◆ DATASET EXTRACT
BEGIN
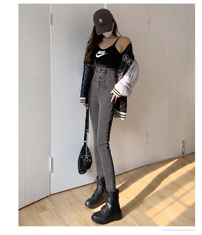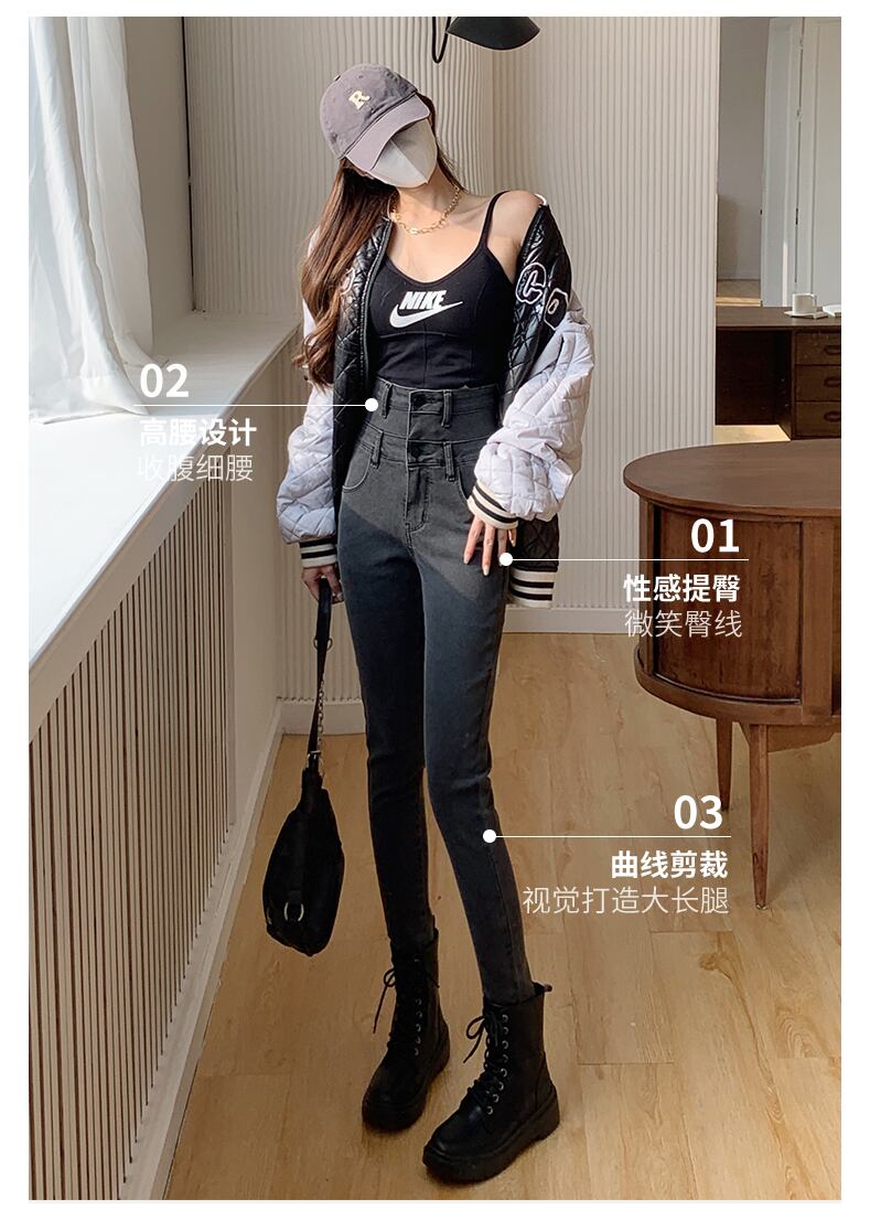 超ハイウエスト黒弾性ペンシルパンツスキニージーンズ女性の腹オールマッチペンシルパンツヒップリフト痩身デザイン ハイウェスト ブラック エラスティック 伸縮 youqi69356060364
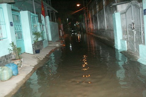 Đang mồng 2 tết nhưng đường số 7 khu phố 5 (P. Hiệp Bình Phước, Q. Thủ Đức TP.HCM) hoàn toàn vắng lặng, không một người qua lại. Trên mặt đường nước bắt đầu dâng cao . . .
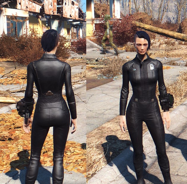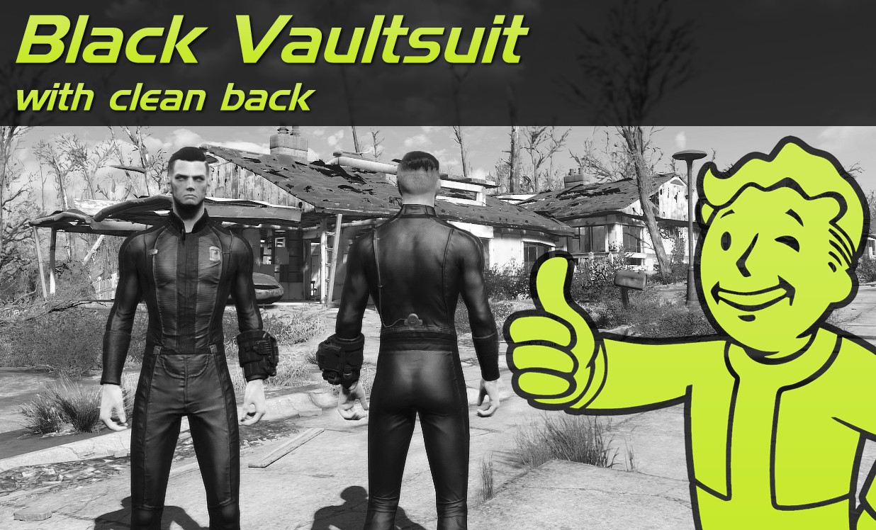 Меняет цвет комбинезона жителя убежища на черный, убирает номер убежища со спины, но доступен доп. файл на возвращение номера убежища на спину, если он вам дорог.
END
All lines of the listing must be given again exactly, excluding the pictures.

◆ OUTPUT OF THE EXERCISE
 超ハイウエスト黒弾性ペンシルパンツスキニージーンズ女性の腹オールマッチペンシルパンツヒップリフト痩身デザイン ハイウェスト ブラック エラスティック 伸縮 youqi69356060364
 Đang mồng 2 tết nhưng đường số 7 khu phố 5 (P. Hiệp Bình Phước, Q. Thủ Đức TP.HCM) hoàn toàn vắng lặng, không một người qua lại. Trên mặt đường nước bắt đầu dâng cao . . .
 Меняет цвет комбинезона жителя убежища на черный, убирает номер убежища со спины, но доступен доп. файл на возвращение номера убежища на спину, если он вам дорог.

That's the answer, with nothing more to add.